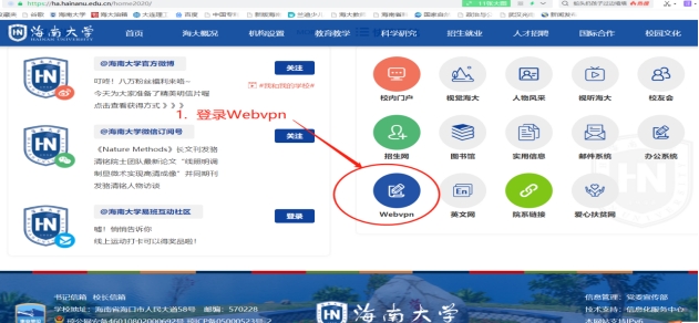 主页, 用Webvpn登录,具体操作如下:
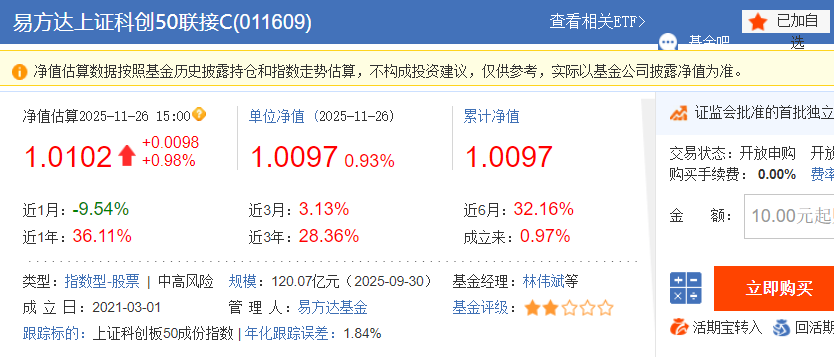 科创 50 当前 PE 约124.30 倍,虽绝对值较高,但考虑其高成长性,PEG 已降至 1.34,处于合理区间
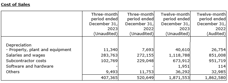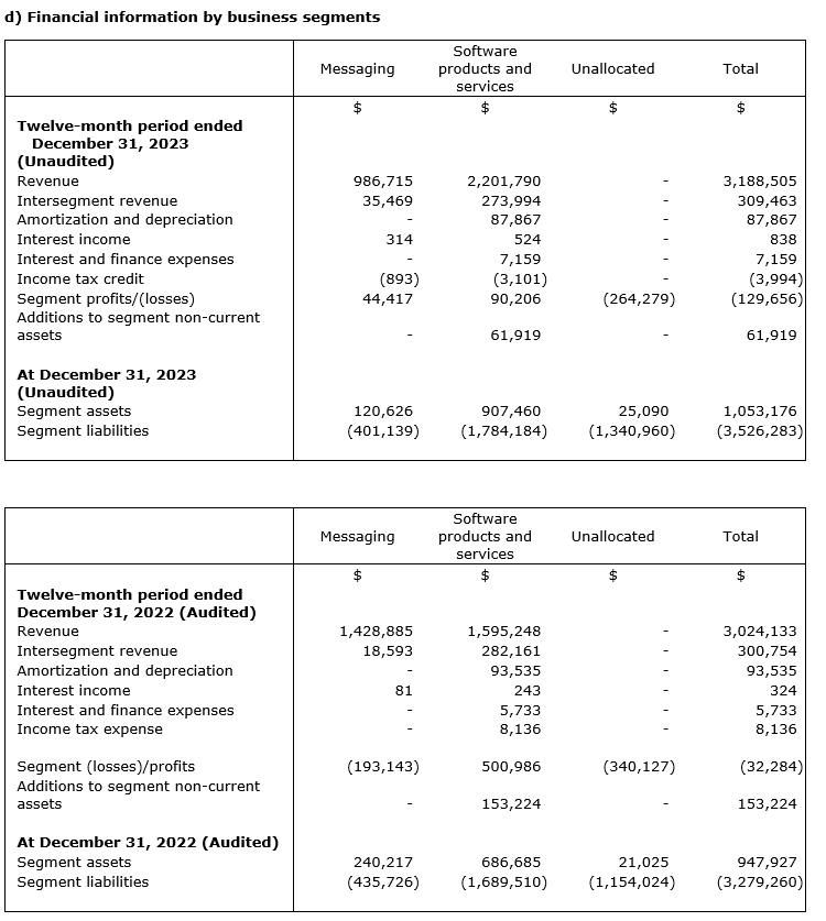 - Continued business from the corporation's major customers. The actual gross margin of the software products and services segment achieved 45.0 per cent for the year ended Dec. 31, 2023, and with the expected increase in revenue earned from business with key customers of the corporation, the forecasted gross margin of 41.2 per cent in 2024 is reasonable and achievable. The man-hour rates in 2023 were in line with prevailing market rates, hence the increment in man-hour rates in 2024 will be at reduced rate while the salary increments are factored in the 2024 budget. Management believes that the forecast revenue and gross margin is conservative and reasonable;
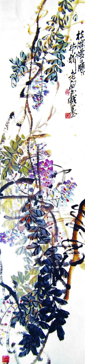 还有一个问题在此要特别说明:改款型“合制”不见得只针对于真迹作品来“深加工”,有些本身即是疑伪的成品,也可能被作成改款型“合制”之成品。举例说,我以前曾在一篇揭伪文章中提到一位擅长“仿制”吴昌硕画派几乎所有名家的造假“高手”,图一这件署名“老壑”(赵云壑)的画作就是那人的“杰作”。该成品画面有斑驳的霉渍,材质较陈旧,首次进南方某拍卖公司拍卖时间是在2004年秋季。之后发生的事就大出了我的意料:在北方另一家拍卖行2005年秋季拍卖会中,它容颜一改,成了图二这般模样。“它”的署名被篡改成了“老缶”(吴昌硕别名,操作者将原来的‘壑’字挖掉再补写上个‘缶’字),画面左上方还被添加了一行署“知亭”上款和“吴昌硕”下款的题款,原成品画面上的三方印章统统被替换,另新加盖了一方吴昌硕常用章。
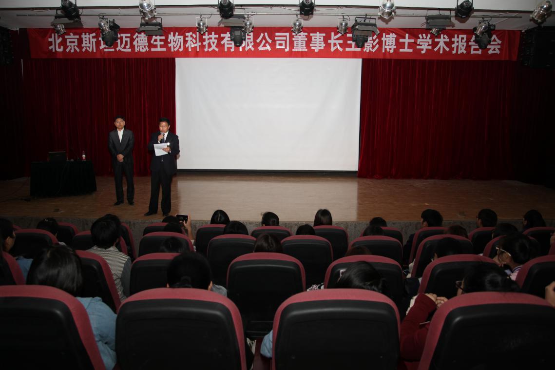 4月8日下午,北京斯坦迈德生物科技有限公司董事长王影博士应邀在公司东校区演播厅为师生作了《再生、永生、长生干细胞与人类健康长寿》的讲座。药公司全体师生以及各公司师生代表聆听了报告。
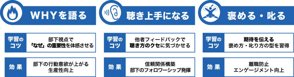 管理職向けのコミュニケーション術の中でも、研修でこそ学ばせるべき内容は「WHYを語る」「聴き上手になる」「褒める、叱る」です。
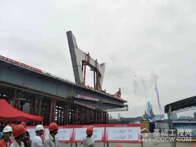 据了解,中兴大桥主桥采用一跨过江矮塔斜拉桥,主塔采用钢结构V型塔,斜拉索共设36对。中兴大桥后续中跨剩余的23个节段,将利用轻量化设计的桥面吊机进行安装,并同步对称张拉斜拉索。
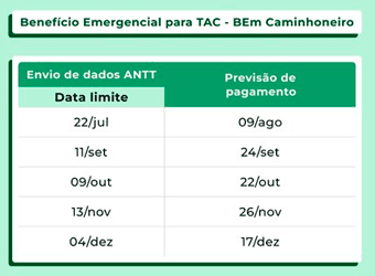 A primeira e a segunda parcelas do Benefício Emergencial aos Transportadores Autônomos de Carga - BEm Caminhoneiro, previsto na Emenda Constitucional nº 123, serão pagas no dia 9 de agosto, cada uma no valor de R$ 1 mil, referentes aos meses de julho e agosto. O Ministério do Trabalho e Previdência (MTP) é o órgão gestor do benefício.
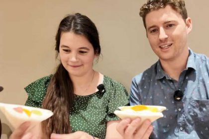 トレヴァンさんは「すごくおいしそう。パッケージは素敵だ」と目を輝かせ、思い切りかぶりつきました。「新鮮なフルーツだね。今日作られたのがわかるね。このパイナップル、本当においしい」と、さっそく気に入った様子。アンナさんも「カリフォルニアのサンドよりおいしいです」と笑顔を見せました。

* _Problem description_
Please print, exactly as given, the lines running from the beginning of the listing through the line containing "科创 50 当前 PE", omitting each picture.

* _Result of this task_
 主页, 用Webvpn登录,具体操作如下:
 科创 50 当前 PE 约124.30 倍,虽绝对值较高,但考虑其高成长性,PEG 已降至 1.34,处于合理区间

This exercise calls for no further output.